The Veil is Thin

The Veil is Thin weaves the tale of my tangible phantasmagoric experience inhabiting my family’s multi-generational, abandoned New England home.

For years, this house was an unaddressed, silent member of my family. It had a spirit of its own. Footsteps echoed through the cold halls as we fitfully slept, objects turned up in unexpected places, and the walls slowly drove my grandmother mad. We never discussed it with each other, fearing that speaking the words aloud would turn something we hoped was our imaginations into reality.

When the last inhabitant had moved on from this realm, I had the chance to spend time with this neglected family member before the land was bulldozed. I spent my days photographing the space between myself and the house; capturing its shadow, its land, and its will to be seen. 

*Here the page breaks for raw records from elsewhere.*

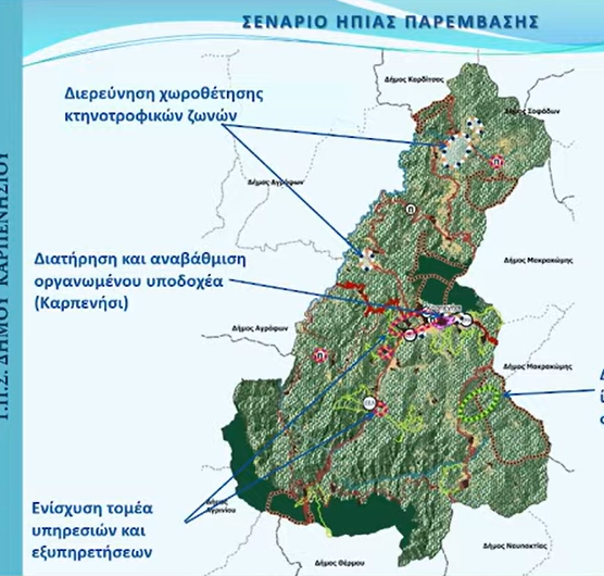 Συγκεκριμένα το σχέδιο προβλέπει ως προς τον πρωτογενή τομέατην χωροθέτησης των τροφικών ζωνών νοτιοανατολικά του Καρπενησίουκαι προτείνεται η ίδρυση πρωτότυπης βιολογικής φάρμας τα ζώα θα ζουν στο φυσικό τους περιβάλλον, θα υπάρχουνκτίρια εκτροφής, αρμεκτήρια και παράλληλα θα μπορεί να υπάρξει και πρότυπο τυροκομείο για να παράγει γάλα, με στόχο η μονάδα να αποτελέσει πόλο αγροτουριστικής ανάπτυξης.
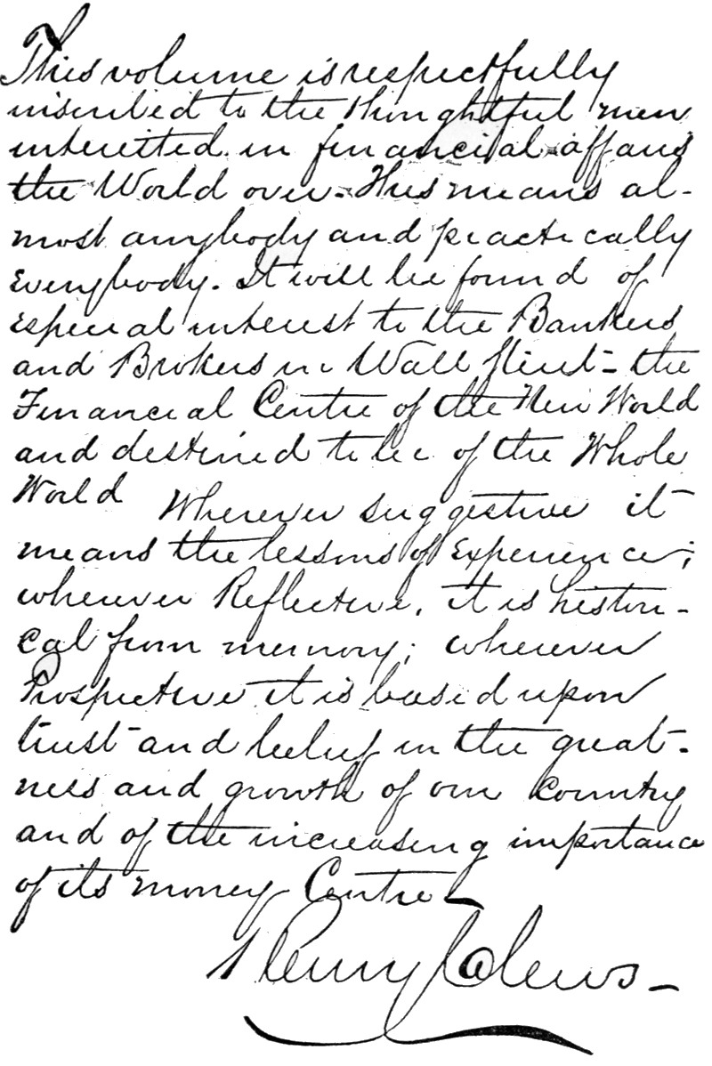 The following pages are intended to throw some light on imperfectly known events connected with Wall Street speculations and investments, and also upon the condition and progress of the country from a financial standpoint, during the fifty years which I have experienced in the great money center.
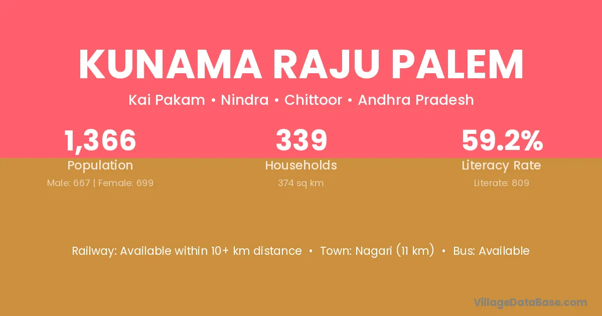 Nagari (11 km) is the nearest town to Kunama Raju Palem village for major economic activities and is located approximately 11 km away.
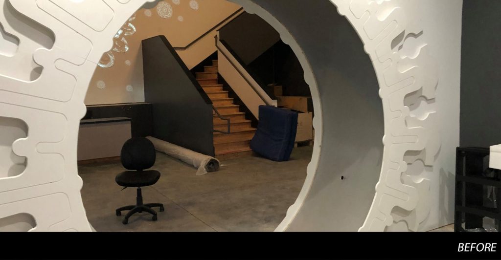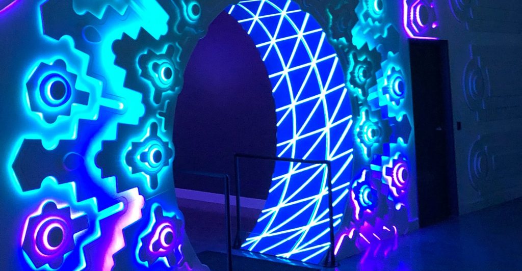 Guests enter through a curved LED “portal” and step into a 360° visual world where walls transform into galaxies, pyramids, waterfalls, forests, and surreal landscapes. Working closely with Carey Thompson (Galactivation) and Brian Pinkham (Photonic Bliss), I helped fuse projection-mapped animation with LED sculpture, reactive architectural lighting, and hundreds of physical art pieces for a constantly evolving, multi-sensory environment.

For the first time, I turned my camera towards the constant feeling of being watched. I offered my body to the madness of the house, performing rituals and sleeping only in full moonlight or sunlight to induce the true meaning of the word lunacy. As the line between the world of the waking and the realm of dreams fell away, the space in-between widened. The result is an exploration of the infra thin moments where the magic of the afterlife quietly collides with the fear of inexplicable noises in the dark and shapes that flit in the periphery. 

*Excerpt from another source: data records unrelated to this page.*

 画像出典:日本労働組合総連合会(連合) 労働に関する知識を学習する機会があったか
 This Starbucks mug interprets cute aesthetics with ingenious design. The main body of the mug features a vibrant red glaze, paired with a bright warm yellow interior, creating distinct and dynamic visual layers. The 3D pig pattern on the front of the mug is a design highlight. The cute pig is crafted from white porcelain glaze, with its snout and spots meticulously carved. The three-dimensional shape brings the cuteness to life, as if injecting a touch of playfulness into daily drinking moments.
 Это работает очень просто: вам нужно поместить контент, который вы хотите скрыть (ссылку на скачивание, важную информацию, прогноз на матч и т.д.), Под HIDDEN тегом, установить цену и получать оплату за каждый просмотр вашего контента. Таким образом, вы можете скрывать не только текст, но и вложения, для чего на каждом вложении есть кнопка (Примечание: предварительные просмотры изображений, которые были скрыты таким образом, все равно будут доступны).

The veil is thin, we are between worlds is an incantation used in pagan ritual to denote the lifting of the veil over our eyes, giving the speaker the ability to see through the clouds of this world and into the next. Celtic folklore links places where the veil thins to crossroads and moments of change. My last night in the house was the night of the full blood moon eclipse. The tides rose to the driveway, as if the house was protesting my departure and its own demise.